Edwards Syndrome (Trisomy 18)
Description
Edwards syndrome, also known as trisomy 18, is a rare genetic condition that occurs when a person has an extra copy of chromosome 18. This extra genetic material disrupts normal development, leading to a range of physical and intellectual challenges. While there is no cure, early intervention and support can significantly improve quality of life for individuals with Edwards syndrome and their families.
Genes Involved
Edwards syndrome is caused by an extra copy of chromosome 18. The exact genes on chromosome 18 that contribute to the condition are not fully understood, but it is believed that the extra genetic material disrupts normal development, leading to the observed characteristics.
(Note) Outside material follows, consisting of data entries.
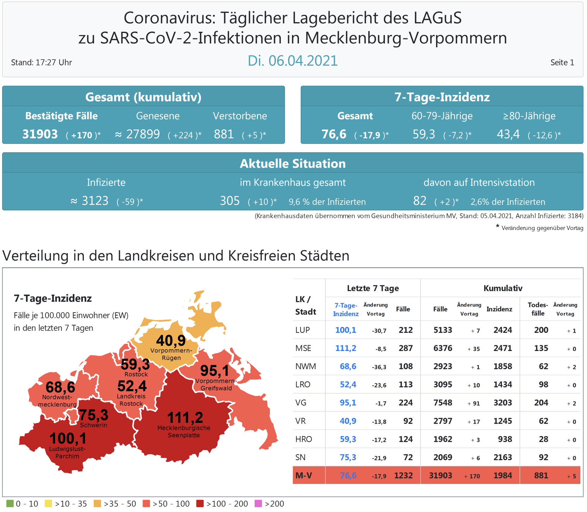 Der Inzidenzwert für ganz Mecklenburg-Vorpommern ist deutlich gesunken und liegt heute bei 76,6 (gestern 94,5). Insgesamt meldet das Land Mecklenburg-Vorpommern heute 170 Neuinfektionen.
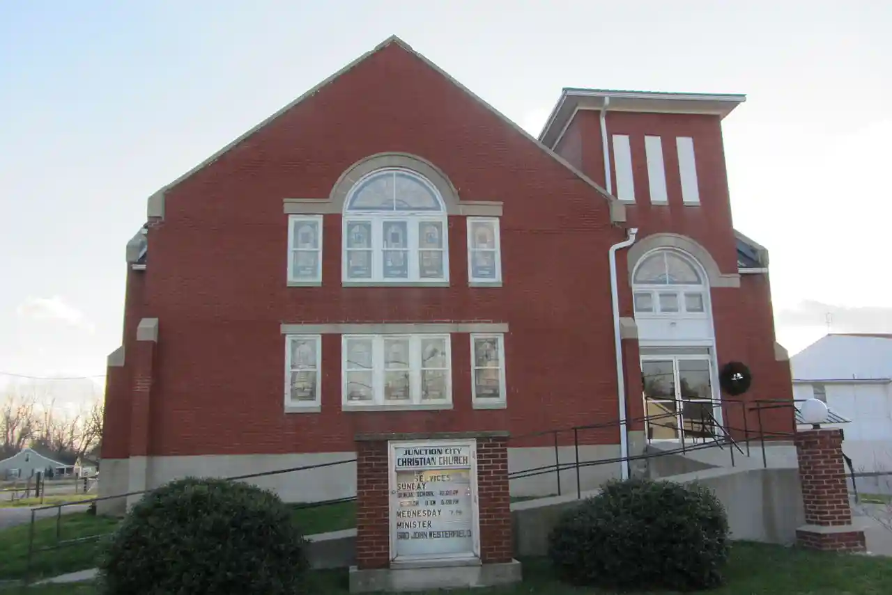 The First Christian Church in Junction City, Kentucky is a historic Christian churchhttps://crosslink.org/ at the junction of Shelby and Cemetery Streets. It was built in 1932 and added to the National Register of Historic Places in 1998. Read more on Wikipedia
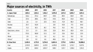 Today, Japan is suffering from declining power generation, going from an all-time high of 1,183 TWh in 2008 to 1,016 TWh in 2024. This is a trend shared by all G-7 countries except the US. In contrast, all Asian countries seen an increase in power generation, led by China with 10,087 TWh in 2024 or nearly 10 times that of Japan and 2.2 times that of the US. Vietnam has tripled its power generation from 2011 to 2024, just 13 years.

Recognizing the Signs and Symptoms
Individuals with Edwards syndrome exhibit a wide range of physical and developmental characteristics, including:
- Physical Features:
- Small size at birth (low birth weight)
- Small head (microcephaly)
- Prominent occiput (back of the head)
- Clenched fists with overlapping fingers
- Small jaw (micrognathia)
- Low-set ears
- Heart defects (e.g., ventricular septal defect, patent ductus arteriosus)
- Kidney problems
- Cleft lip or palate
- Clubfoot
- Short, webbed neck
- Rocker-bottom feet
- Developmental Delays:
- Intellectual disability
- Delayed motor skills (e.g., sitting, walking)
- Feeding difficulties
- Seizures
- Respiratory problems
Causes
Edwards syndrome occurs due to a random error during cell division called non-disjunction. This error can happen during the formation of either the egg or sperm cell, resulting in an embryo with three copies of chromosome 18 instead of the usual two.
Inheritance/recurrence risk
Edwards syndrome is not usually inherited. The majority of cases occur due to a random error during cell division. However, there is a small chance of the condition recurring in future pregnancies. The risk of recurrence depends on several factors, including the age of the parents and the specific cause of the syndrome. Genetic counseling can help assess the risk of recurrence in future pregnancies.